PROBLEM TO WORK ON -> Could the data below be printed out exactly, with the pictures left out?

INPUT DATA ->
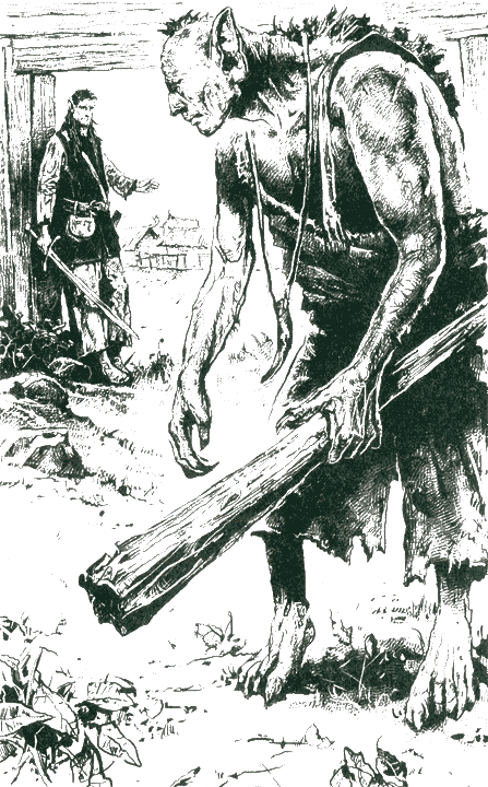 Из кустов выбирается здоровенный тролль. Основной недостаток троллей — медлительность, он только сейчас дотопал до поля боя. В руках гигант сжимает обломок скалы размером с хорошего барана.
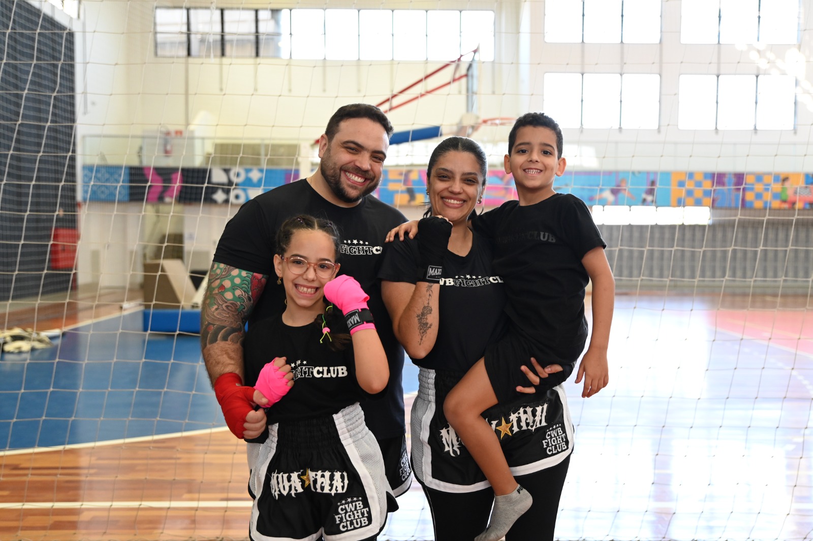 Diego, Priscila, Valentine e Augusto praticam Muay Thai em família. Crédito: CWB Fight Club
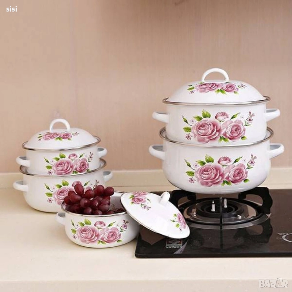 Комплект 5 бр. емайлирани тенджери с незалепващо покритите + капаци ТОП КАЧЕСТВО, снимка 1 - Съдове за готвене - 54143027 Комплект 5 бр. емайлирани тенджери с незалепващо покритите + капаци ТОП КАЧЕСТВО, снимка 2 - Съдове за готвене - 54143027 1/2

EXERCISE ANSWER ->
 Из кустов выбирается здоровенный тролль. Основной недостаток троллей — медлительность, он только сейчас дотопал до поля боя. В руках гигант сжимает обломок скалы размером с хорошего барана.
 Diego, Priscila, Valentine e Augusto praticam Muay Thai em família. Crédito: CWB Fight Club
 Комплект 5 бр. емайлирани тенджери с незалепващо покритите + капаци ТОП КАЧЕСТВО, снимка 1 - Съдове за готвене - 54143027 Комплект 5 бр. емайлирани тенджери с незалепващо покритите + капаци ТОП КАЧЕСТВО, снимка 2 - Съдове за готвене - 54143027 1/2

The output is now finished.